Стереотипной отговоркой от социальной активности у авангардистов всегда было выражение: «я веду свою собственную войну», «я сражаюсь на своем собственном фронте», — эту фразу сказали многие. Имелись в виду, конечно, не конкретные боевые действия (в боях принимали участие утописты, те, кто наивно верил в гуманизм, в то, что человека требуется в минуту опасности защищать), некий общий бой, который ведет авангард. Иногда этот бой называют иным словом — а именно, бунт. Я бунтую против мира, производящего войну, — говорит авангардист, к чему мне участвовать в конкретных боевых действиях?
И это крайне любопытный пункт в рассуждении об авангарде. Дело в том, что авангард всегда бунт симулировал.
Когда Дюшан в 1919 году пририсовал Джоконде усы и бороду (на репродукции, разумеется) жест этот был крайне амбициозен. Значил он следующее: искусство давно живет жизнью, параллельной нашей реальности. Оно тиражируется в газетах, журналах — а на деле не объясняет ничего, не участвует ни в чём. Но в таком случает я, зритель, вправе взбунтоваться и спросить с музейного искусства так же взыскательно, как оно спрашивает с меня — достаточно ли я культурен. Я обойдусь с ним как с газетной фотографией, пририсую Джоконде усы, как политику в журнале. Впоследствии насмешка над произведением искусства сама была объявлена искусством и стала жить по тем же законам, что и картина Леонардо, — ее стали тиражировать, печатать в газетах, помещать в музей и т. п. Жест десакрализации был канонизирован, что довольно нелепо. У Дюшана появилось множество последователей, изрисовавших Джоконду вдоль и поперек, и применивших принцип десакрализации и насмешки ко всему решительно. Энди Ворхол сделал коллаж из двух «Тайных вечерей» Леонардо и т. д. и т. п. На деле музеи никто не собирался разрушать, напротив, выступая против музеев, авангардисты хотели попасть именно в музеи, высмеивая вкусы буржуа, они этим буржуа мечтали угодить.
Рассуждая логически, возврат к первобытному сознанию не должен взывать к пониманию. Чего стоил бы этот жест — сделанный взаправду, так, как декларирует артист, то есть на руинах музея, среди дикарей?
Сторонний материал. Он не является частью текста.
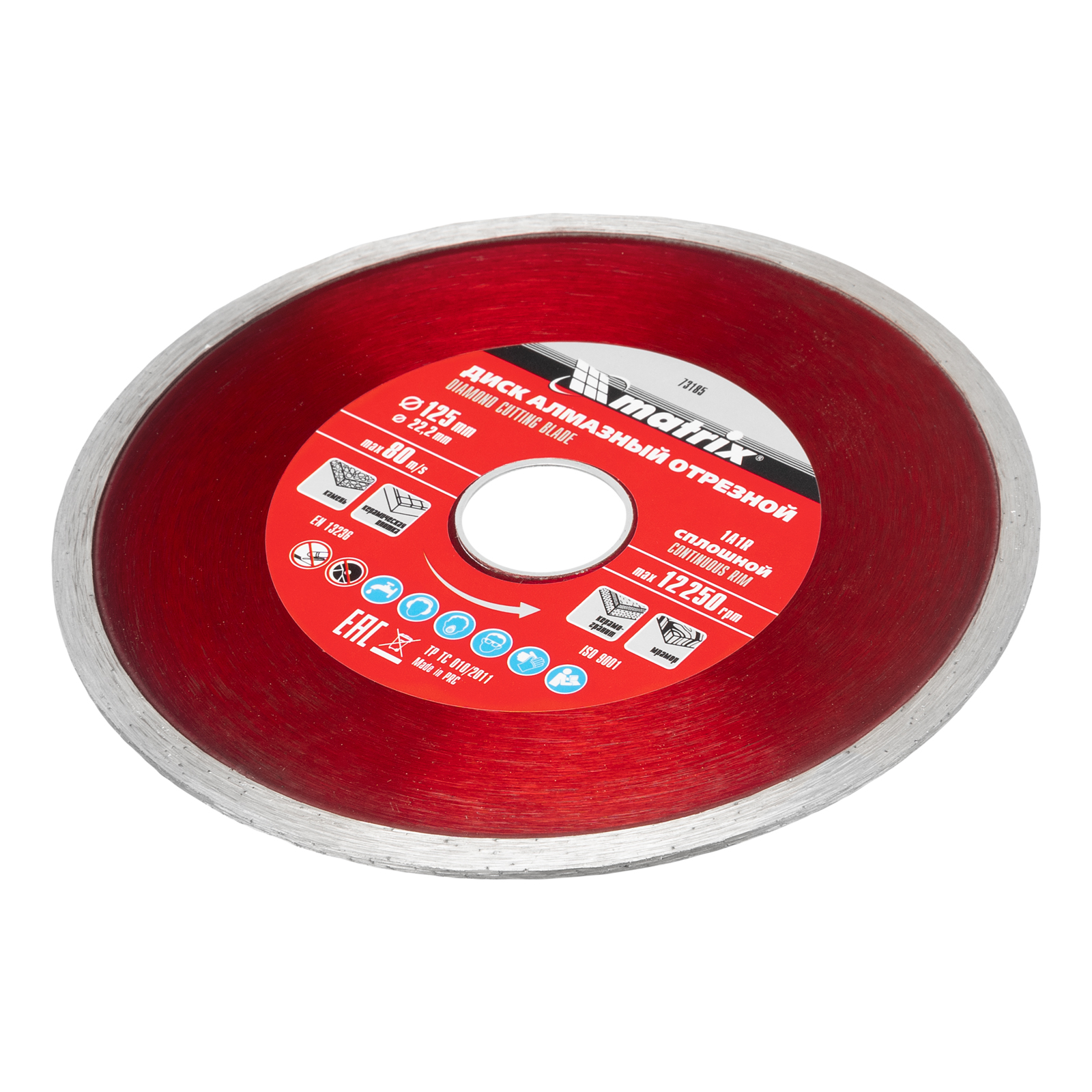 Отрезной алмазный сплошной диск Matrix 73185 диаметром 125 х 22,2 мм предназначен для мокрой резки мрамора, керамической плитки, керамогранита, натурального или искусственного камня. Устанавливается на углошлифовальную машину или плиткорез с посадочным диаметром 22,2 мм. Благодаря использованию водяного охлаждения улучшается качество реза, а также продлевается срок службы диска.

Нет, лишь уверенность в безнаказанности, в устойчивости цивилизации дает возможность над ней глумиться. Так и подросток из состоятельной семьи идет в хиппи и ворует в супермаркете, чтобы к тридцати годам сесть за стол в отцовском офисе. Гончарова с Ларионовым публично «отряхнули прах Запада от ног своих» и обратили взоры к первобытному Востоку, к славному языческому прошлому России. И, однако, в 1915 году, едва их отчизну потрясла война и рынок искусства замер, они, не колеблясь, покинули пределы России и никогда уже не вернулись; ни ужасы революции, ни испытания гражданской войны, ни сталинские лагеря, ни Великая Отечественная, ни хрущевская оттепель (они умерли в 65 году) более не волновали сердец патриотов, и эмигрировали они не в монгольские степи, как можно было бы предположить, исходя из их деклараций. Они вели размеренную жизнь буржуа, пережили, не выезжая, фашистскую оккупацию и умерли глубокими стариками. Дадаистские безумства уместнее всего были в нейтральном Цюрихе, а Сальвадор Дали, почувствовав приближение войны к его любимой отчизне, удрал в Париж, а, когда война дошла и до Парижа, — в Америку. Известен упрек, брошенный Оруэллом: Дали относился к обществу как потребитель, но не как гражданин; кормился за счет страны, бежал в момент опасности и умилялся собственной беспринципности.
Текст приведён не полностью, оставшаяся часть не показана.